(Entries provided Opens)

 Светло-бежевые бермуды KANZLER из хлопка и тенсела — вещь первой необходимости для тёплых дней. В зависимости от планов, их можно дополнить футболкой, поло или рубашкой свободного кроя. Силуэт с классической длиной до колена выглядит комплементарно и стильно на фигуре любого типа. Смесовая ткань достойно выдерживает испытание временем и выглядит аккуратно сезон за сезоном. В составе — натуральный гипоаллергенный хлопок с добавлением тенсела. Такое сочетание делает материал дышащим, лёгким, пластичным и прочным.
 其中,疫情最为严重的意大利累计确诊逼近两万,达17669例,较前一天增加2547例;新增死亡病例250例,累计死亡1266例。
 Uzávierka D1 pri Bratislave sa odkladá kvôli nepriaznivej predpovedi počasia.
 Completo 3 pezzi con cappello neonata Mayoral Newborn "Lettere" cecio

(Entries provided Closes)
(Entries provided Opens)

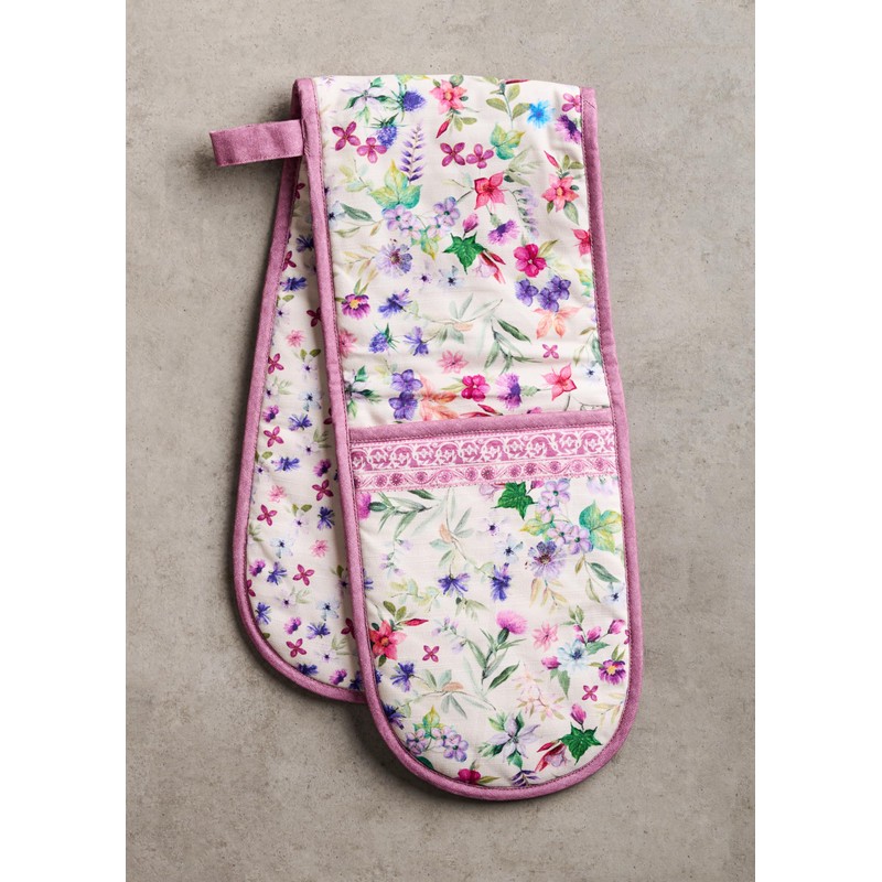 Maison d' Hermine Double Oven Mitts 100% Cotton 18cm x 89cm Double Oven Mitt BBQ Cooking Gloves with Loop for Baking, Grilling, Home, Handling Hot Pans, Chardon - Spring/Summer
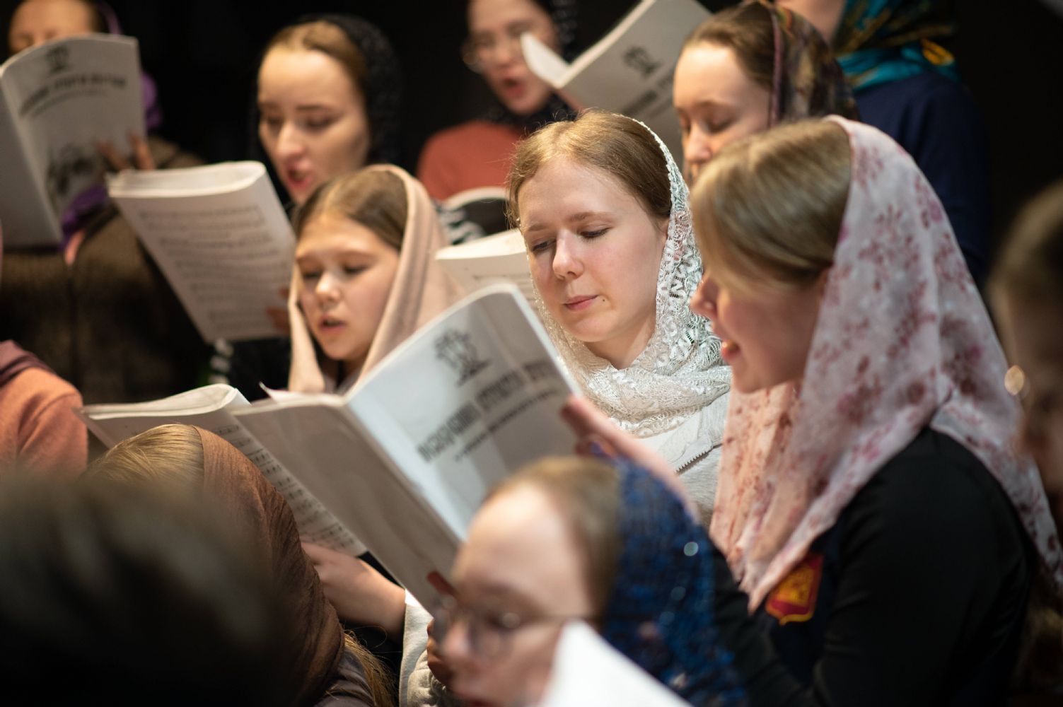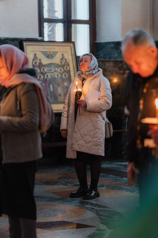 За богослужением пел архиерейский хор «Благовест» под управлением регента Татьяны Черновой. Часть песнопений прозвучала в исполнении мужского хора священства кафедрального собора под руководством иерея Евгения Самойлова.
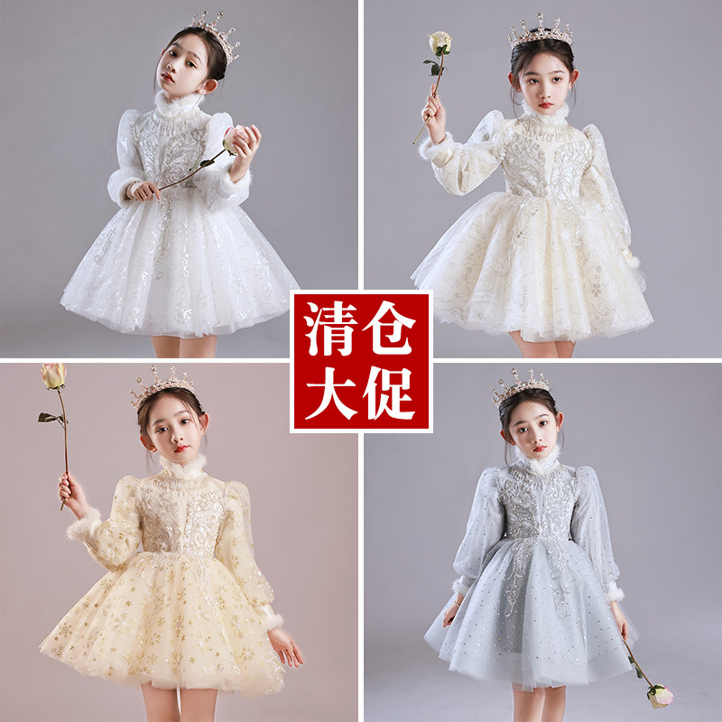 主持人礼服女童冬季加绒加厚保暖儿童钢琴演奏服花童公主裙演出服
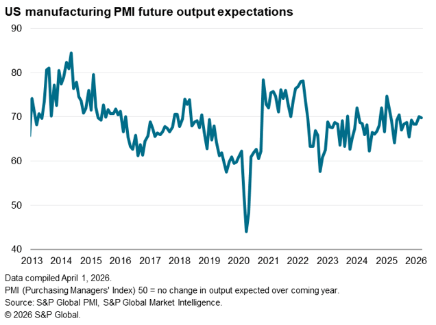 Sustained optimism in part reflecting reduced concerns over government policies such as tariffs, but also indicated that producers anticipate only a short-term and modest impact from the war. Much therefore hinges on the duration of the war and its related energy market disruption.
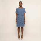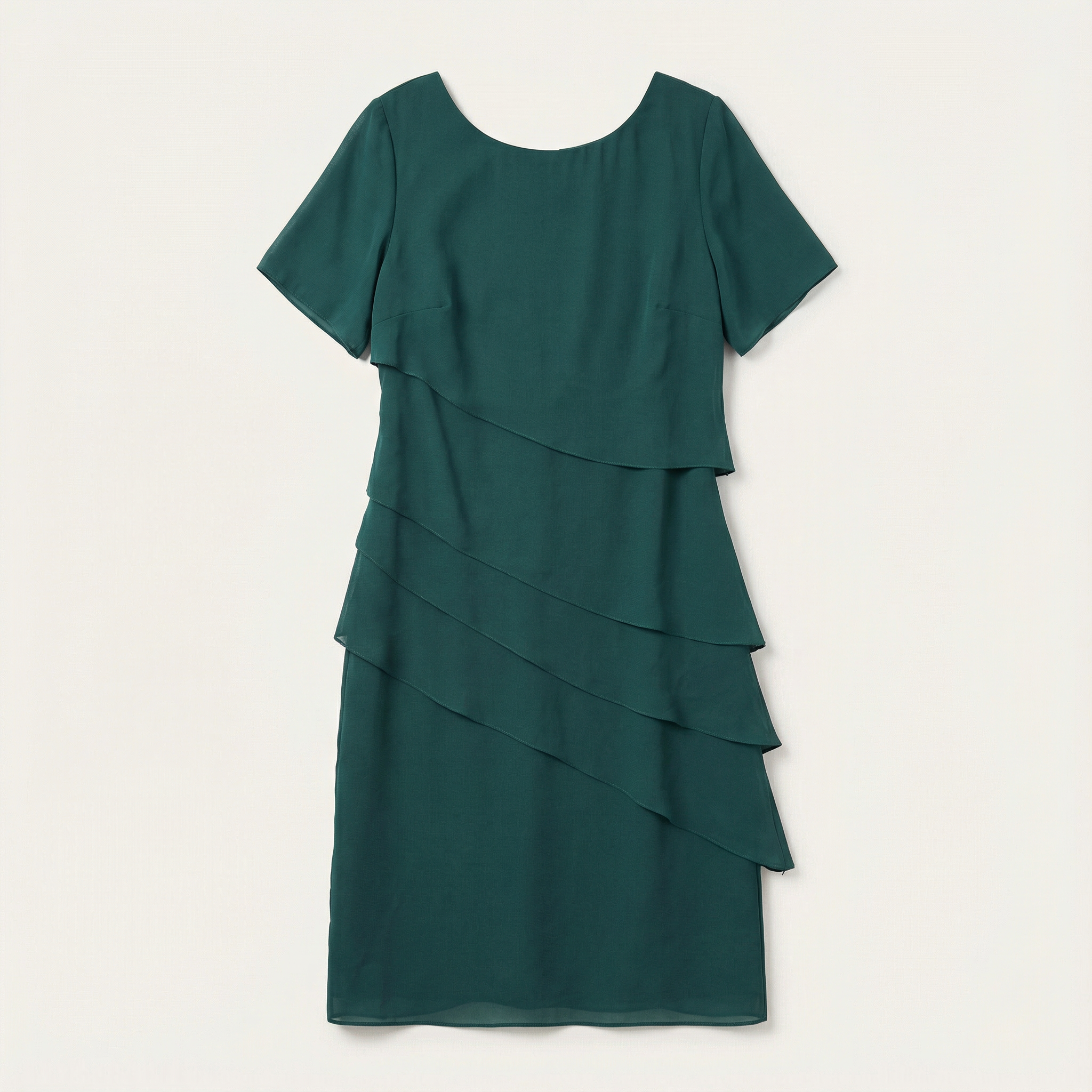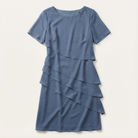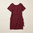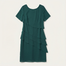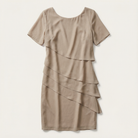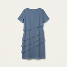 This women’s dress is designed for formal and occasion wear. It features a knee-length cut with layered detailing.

(Entries provided Closes)
(Entries provided Opens)

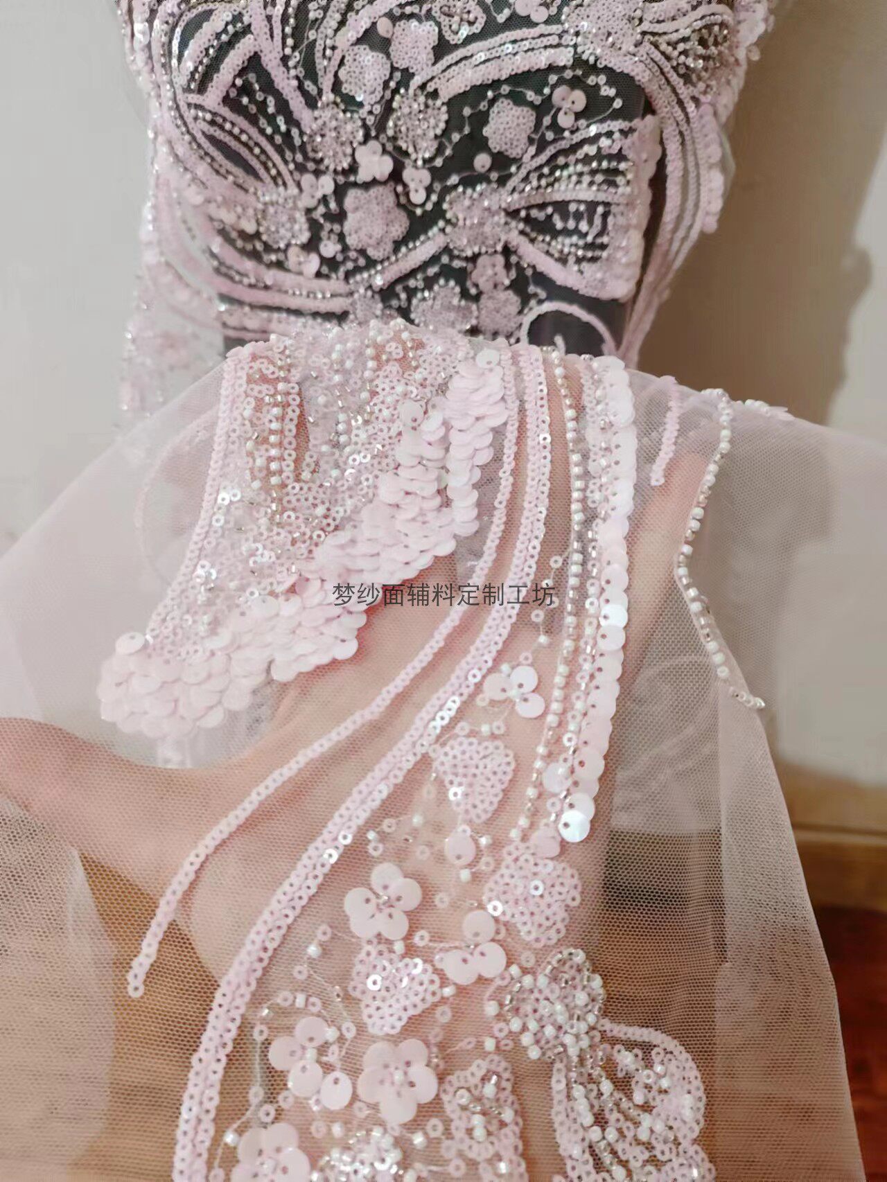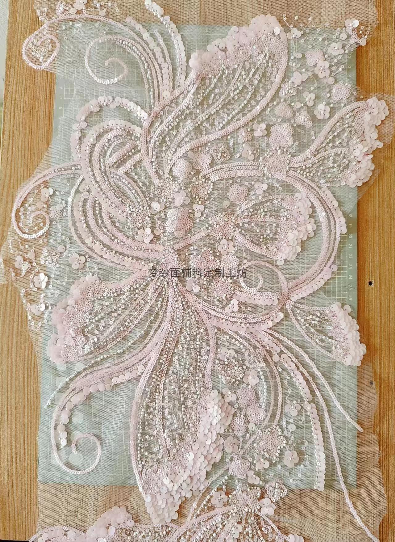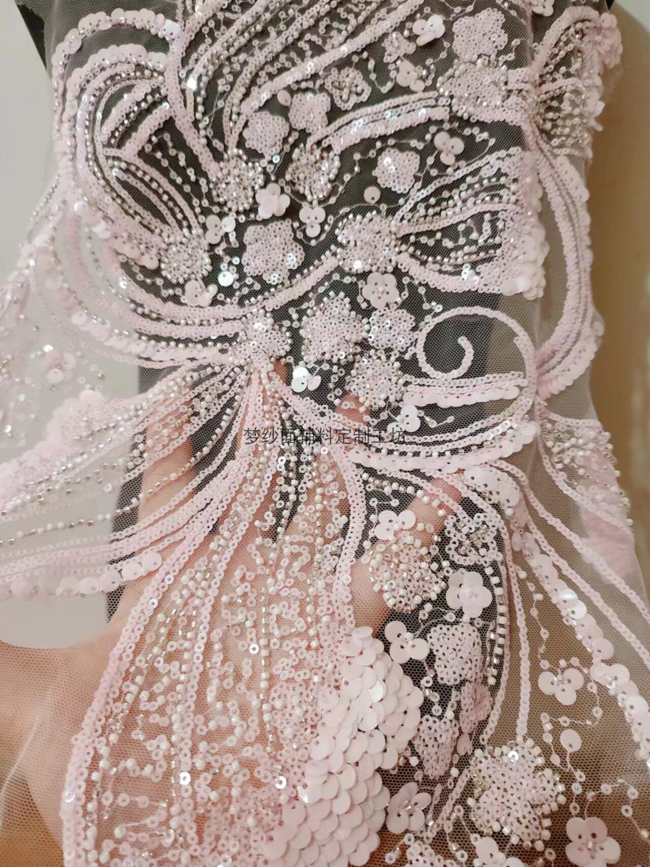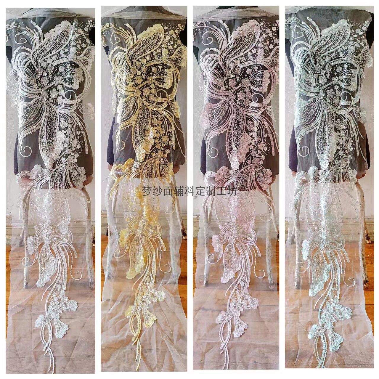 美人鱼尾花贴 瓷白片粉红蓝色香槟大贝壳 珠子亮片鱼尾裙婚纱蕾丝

(Entries provided Closes)

_Exercise requirements_
In the entries above, find the line with "За богослужением пел" and the line with "Sustained optimism in". Write out exactly those two lines and every line between them, pictures excluded.

_Solution for this exercise_
 За богослужением пел архиерейский хор «Благовест» под управлением регента Татьяны Черновой. Часть песнопений прозвучала в исполнении мужского хора священства кафедрального собора под руководством иерея Евгения Самойлова.
 主持人礼服女童冬季加绒加厚保暖儿童钢琴演奏服花童公主裙演出服
 Sustained optimism in part reflecting reduced concerns over government policies such as tariffs, but also indicated that producers anticipate only a short-term and modest impact from the war. Much therefore hinges on the duration of the war and its related energy market disruption.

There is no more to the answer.